Because of this, we also undertook analyses where models were compared at relevant clinical intervention threshold ( Fig. 1). Kanis et al. [23] also criticized comparison of “home selleck chemicals llc grown” models with the FRAX® tool using the population
from which the “home grown” model was derived. This is a relevant concern as the best model to fit a dataset will invariably be a model developed from that particular dataset even if the diagnostic performance may not at all translate to other populations. In our study, we compared the performance of FRAX® and other models to that of age alone. This is a simple epidemiological tabulation of fracture incidence as a function of age and does not constitute a bespoke model to fit the data. Furthermore, OST, ORAI, OSIRIS and SCORE are already well validated simpler tools derived from other cohorts [15], [18], [19] and [20]. Another limitation accurately identified by Kanis et al. [23] is the comparison between predicted and observed outcomes. Since we do not have 10 years of follow-up we look at the observed fractures and compared
it with the FRAX® probability of being in risk of fracture. Moreover, we took time-to-event into account by estimating the Harrell’s C which did not influence the results. Same results were seen in the GLOW study [36]; these results also showed that AUC values and Harrell’s C values were similar for major osteoporotic fractures. Finally, FRAX® adjusts for risk of death while the other tools do not. Our findings, selleck kinase inhibitor however, were robust to competing-risks regression with both incident fractures and death as failure as alternative to Kaplan–Meier analysis. In the analyses with each tool dividing participants into those with high versus low risk of fracture we chose to use the cut-off suggested by the developers from validation studies of tools in Caucasian populations. Different cut-offs have been also recommended even among Caucasian populations from studies validating the tools but there was no clear agreement regarding cut-off values for the different tools [41], [42], ADP ribosylation factor [43] and [44]. One study by Rud et al.
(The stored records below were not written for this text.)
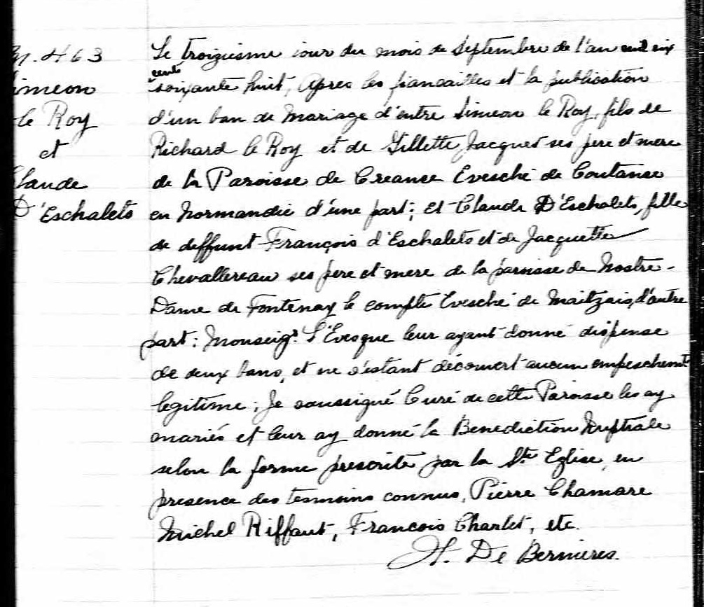 Marriage Record of Claude d'Eschalts and Siméon LeRoy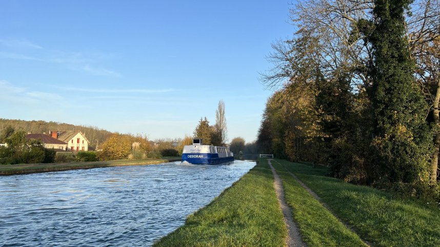 From Paris on the A6 take exit 16 and join the 403 towards Nemours. At a roundabout take the 4th exit to join the D40. Turn left onto Rue de l'Écluse to cross the canal bridge. Bear left onto Chemin des Pâtures. Turn left onto Chemin des Grèves and the site is on the right off this road.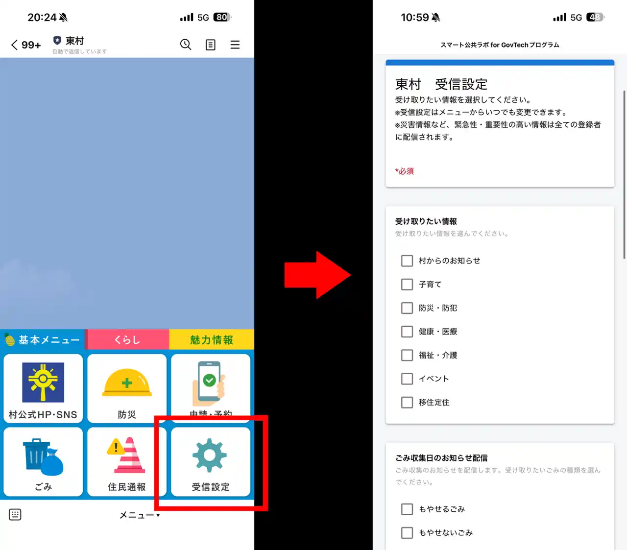 | 住民の希望に応じた配信だけを届ける「セグメント配信」機能を導入。欲しい配信カテゴリーを「受信設定」に回答することでカスタマイズすることができます。住民がほしい情報に絞って配信ができるため、情報発信がこれまで以上に効果的になることが期待されます。 | ||||||||||||||||||||||||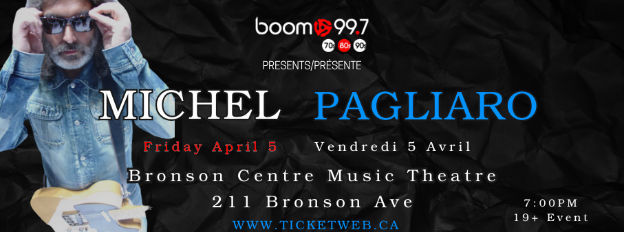 boom 99.7 Presents Michel Pagliaro Where Bronson Centre Music Theatre, 211 Bronson Avenue, Ottawa Map When Apr 05/24 07:00 PM - Apr 05/24 11:00 PM Age All

[41] investigated the performance of SCORE, OST and ORAI in a Danish population. The sensitivity of SCORE, OST and ORAI was 69%, 90% and 50%, respectively, when applied as described by the developers. The authors also tried different cut-offs with higher sensitivities, but since the study only included peri- and early postmenopausal women (mean age 50.5 years) and there are no other studies on Danish women confirming the suggested cut-off from Rud et al. [41] we found it most reasonable to use the cut-offs from the developer of the tools in this study. The aim of the different tools, i.e. FRAX® with OST, ORAI, OSIRIS or SCORE, differs. FRAX® predicts the probability of fractures while ORAI, OSIRIS, OST and SCORE are designed to predict low BMD.